Mizoguchi Emiko, Hachiya Yuriko, Kawada Mayumi, Nagatani Katsuya, Ogawa Atsuhiro, Sugimoto Ken, Mizoguchi Atsushi, Podolsky Daniel K
Center for the Study of Inflammatory Bowel Disease, Massachusetts General Hospital, Harvard Medical School, Boston, Massachusetts, USA.
Gastroenterology. 2008 Feb;134(2):470-80. doi: 10.1053/j.gastro.2007.11.055. Epub 2007 Dec 4.
BACKGROUND & AIMS: Ligation of tumor necrosis factor (TNF) receptors (TNFRs) with TNF plays a critical role in the pathogenesis of human inflammatory bowel disease (IBD). However, it remains unclear which cell types activated through TNFR-associated signaling cascades are involved in the pathogenesis of colitis.
Recombination activating gene-1 (RAG) knockout (KO) (no T or B cells)-based TNFR double and triple KO mice were generated. Bone marrow (BM) chimera mice in which BM-derived myeloid cells, but not colonic epithelial cells (CECs), express TNFRs were also generated. Colitis was induced by administration of dextran sodium sulfate (DSS) in distilled water. Murine lines and chimeras were assessed for disease severity, histopathology, apoptotic cell rate, epithelial proliferation, and bacterial invasion rate.
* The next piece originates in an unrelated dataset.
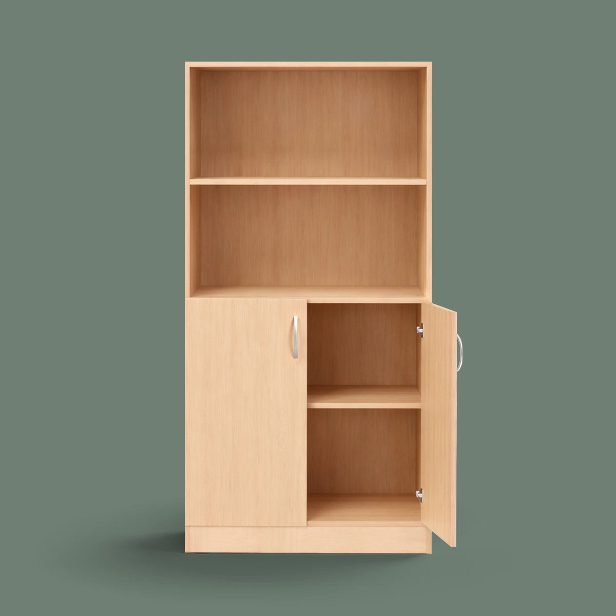 Klasičan ormar od izdržljivog laminata s četiri police i djelomično skrivenim spremištem s dvostrukim vratima. Ormar nudi pohranu za dvanaest A4 registratora na svakoj polici, što ga čini idealnim za urede, recepcije i škole.
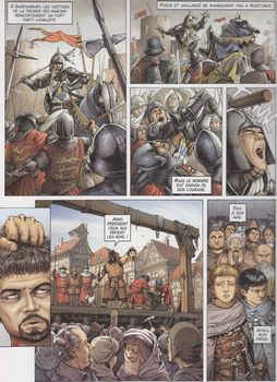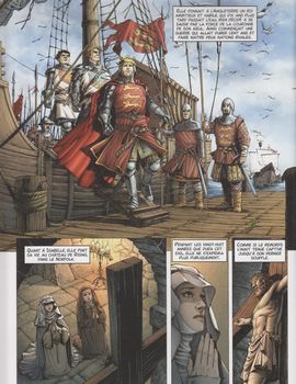 remarques: | titre complet: Isabelle, la louve de France Irlande 1315, Mortimer guerroie contre les irlandais soutenus par les écossais, Mortimer doit faire retraite et se sent trahi par Edouard II qui festoie en sa cour et n'intervient pas au côté de Mortimer pour réconquérir son fief irlandais >> p. 6 Isabelle obligée de partager la couche du roi avec son mignon Hughes Despenser en France, sur proposition de Robert d'Artois, le conseil des pairs confirme l'exclusion des femmes de la succession au trône de France mais seul le royaume est concerné, pas les fiefs ou autres dépendances, sa tante Mahaut conserve donc l'Artois et c'est un nouvel échec pour Robert, tandis qu'Isabelle met au monde un second fils Jean tout en subissant toujours les humiliations de son époux >> p. 19 toutefois Isabelle trouve réconfort dans les bras du gentil Mortimer et pour l'amour d'Isabelle, Mortimer se ralliera finalement à la conjuration contre Edouard II, l'Angleterre s'embrase, Edouard II demande la paix et chasse les Despenser, mais c'est pour mieux s'emparer de ses adversaires par trahison, toutefois avec l'aide de l'évêque d'Orleton, Mortimer réussit à s'échapper de la Tour de Londres et à se réfugier en France où entretemps Charles IV est monté sur le trône peu après, la guerre éclate entre françois et anglois pour la Guyenne, le duc de Kent à la citadelle de la Réole qui défend Bordeaux doit capituler Edouard II envoie Isabelle à Paris pour négocier, elle y retrouve Mortimer et ne retournera en Angleterre qu'avec une armée équipée par son beau-père flamand Guillaume de Hainaut, Edouard II sera menacé tandis que Robert d'Artois fabrique de faux-papiers pour récupérer son fief >> p. 42/43 septembre 1326, Isabelle débarque en Angleterre avec les 700 mercenaires flamands de Guillaume de Hainaut, elle y est accueillie en libératrice les Despenser sont exécutés, le roi emprisonné au château de Berkeley où il abdique en faveur de son fils Edouard III, il sera assassiné peu après sur ordre de Mortimer >> p. 47 la mort d'Edouard II par là où il avait péché en France, à la mort de Charles IV, son cousin Philippe VI est sacré roi de France en 1328, Edouard III conteste toutefois cette nomination de par la lignée de sa mère et poussé par Robert d'Artois, il entre en guerre contre Philippe VI, ce sera le début de la guerre de Cent Ans quant à Isabelle, elle se retira dans un couvent après que Mortimer l'eut trahie (Mortimer allié avec Philippe VI ?) et eut été exécuté par Edouard III n.b. la fin du récit diffère toutefois de celle du roman dans lequel Mortimer resta fidèle à Isabelle qui protesta et pleura lors de l'arrestation de Mortimer par Edouard III > un deuxième volume qui finit plutôt abruptement la série alors que le roman continuait encore quelque temps, un scénario toujours assez moyen, mais meilleur que le premier tome avec un graphisme respectable |

Following DSS administration, mice lacking both RAG and TNFR1 exhibited a high mortality (>80%) rate with an impaired CEC regeneration compared with RAG KO and RAG x TNFR2 double KO (DKO) mice. Transplantation of RAG KO-derived BM cells restored CEC regeneration and rescued the majority of recipient RAG x TNFR1 DKO mice from DSS-induced mortality. After BM transplantation, RAG x TNFR1 DKO mice exhibited an increased rate of apoptosis in the colonic lamina propria macrophages in association with the activation of caspases. In addition, BM reconstitution directly or indirectly enhanced the proliferation of CECs by activating mitogen-activated protein kinase and phosphoinositide-3 kinase/Akt pathways.
TNFR1-signaling cascade in colonic myeloid lineage cells contributes to the suppression of acute damage-associated mortality presumably by controlling CEC homeostasis.
肿瘤坏死因子(TNF)受体(TNFRs)与TNF的结合在人类炎症性肠病(IBD)的发病机制中起关键作用。然而,通过TNFR相关信号级联激活的哪些细胞类型参与结肠炎的发病机制仍不清楚。
构建基于重组激活基因-1(RAG)敲除(KO)(无T或B细胞)的TNFR双敲除和三敲除小鼠。还构建了骨髓(BM)嵌合小鼠,其中BM来源的髓系细胞而非结肠上皮细胞(CEC)表达TNFRs。通过在蒸馏水中给予葡聚糖硫酸钠(DSS)诱导结肠炎。评估小鼠品系和嵌合体的疾病严重程度、组织病理学、凋亡细胞率、上皮增殖和细菌侵袭率。
给予DSS后,与RAG KO和RAG×TNFR2双敲除(DKO)小鼠相比,缺乏RAG和TNFR1的小鼠表现出高死亡率(>80%),且CEC再生受损。移植RAG KO来源的BM细胞可恢复CEC再生,并使大多数受体RAG×TNFR1 DKO小鼠免于DSS诱导的死亡。BM移植后,RAG×TNFR1 DKO小鼠结肠固有层巨噬细胞凋亡率增加,伴有半胱天冬酶激活。此外,BM重建通过激活丝裂原活化蛋白激酶和磷脂酰肌醇-3激酶/Akt途径直接或间接增强CEC的增殖。
结肠髓系谱系细胞中的TNFR1信号级联可能通过控制CEC稳态,有助于抑制急性损伤相关的死亡率。